Spider Collector's Journal (2nd page: 1990)           Copyright © 2005 by  Rod Crawford

As explained on the first page, most of these notes of fun (and not so fun) trips to collect spiders for research at the Burke Museum appeared in Scarabogram, newsletter of "Scarabs: The Bug Society," in their original forms. References to the editor mean me; most other persons mentioned are Scarabs members. Dates of field trips head each paragraph. Maps showing the location of sites within Washington state follow the grid system outlined in the Washington Spider Checklist. RETURN TO INDEX

Washington map showing locality

25 III 1990: Yr editor's first collecting trip this spring was on March 25, when I and photographer friend Laszlo visited Birch Bay State Park (Whatcom County) and nearby Seimiahmoo Spit on the northernmost section of Washington coast. The state park yielded most of the early spring spiders; the most interesting specimens of the trip were the first Larinioides cornutus orbweaver from Puget Sound and the first "seaside earwig," Anisolabis maritima, I have collected, both from the beach meadow habitat at Semiahmoo Spit. This spit, across from Blaine, is mostly developed, but has a tiny swatch of "real habitat," itself rather altered, in a county park. At sunset I was visited by a friendly cat who, according to his ID tag, was Big Chief Semiahmoo.

Washington map showing locality

29 III 1990: On March 29, Bob and Lois Zahler took me up to their "little place" on the south fork of the Skykomish, just south of Index. They have (I think) 20 acres on the river, including a good variety of habitats: mixed forest, riparian cottonwood-alder-maple forest, clearing along the former railroad route, beaver marsh, riverine gravel bar, and a yard/garden inhabited by Lois's sister's many cats, with woody debris from a collapsed shed; not to mention the beehives. I came away with 29 spider species (in 5 hours), and can strongly recommend the site for a future Scarabs field trip. On the gravel bars, the large wolf spider Pardosa lowriei had obviously been active for some time already, since the population was mostly females.

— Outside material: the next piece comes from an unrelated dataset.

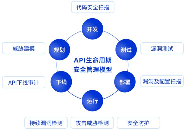 其次,API在整個業(yè)務(wù)生命周期當(dāng)中變化非?欤珹PI實現(xiàn)邏輯一旦發(fā)生變化,很容易引入新的風(fēng)險。因此,從API全生命周期來考慮API安全,圍繞規(guī)劃、開發(fā)、測試、部署、運行到下線的每一個環(huán)節(jié)加強安全建設(shè)顯得尤為重要。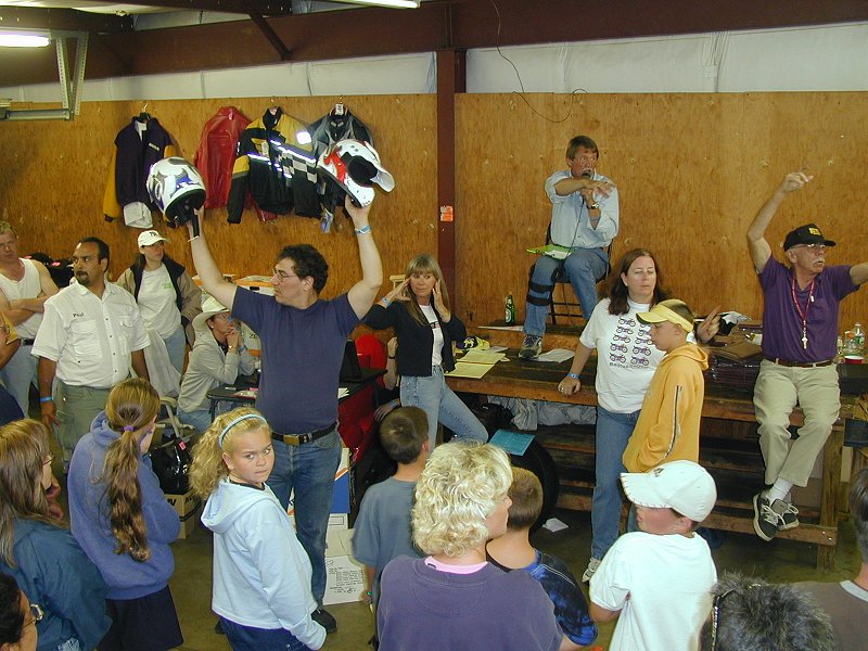 Kevin holds up the next two helmets, while Don points out a bidder.

Washington map showing locality

1 IV 1990: On April 1, I went on a mixed collecting and pleasure trip, with my friend Joyce and her dog Abra, to the south fork of the Stillaguamish River between Granite Falls and Verlot. For some reason, the season was retarded here by several weeks, and the highway was actually blocked by snow at Verlot! Nonetheless, some very interesting spiders were taken in and near the remains of a natural clearing which the timber (or shall we say "robber") baron owner has planted with trees! We also went about 1/3 of the way up the trail through Lake 22 Research Natural Area; the lowest part of the trail had snow, whereas the terrain up above the river valley was snow free! This is one of the nicest examples of old growth hemlock and cedar close to Seattle; I collected some bark for the Burke Museum's coming old growth exhibit.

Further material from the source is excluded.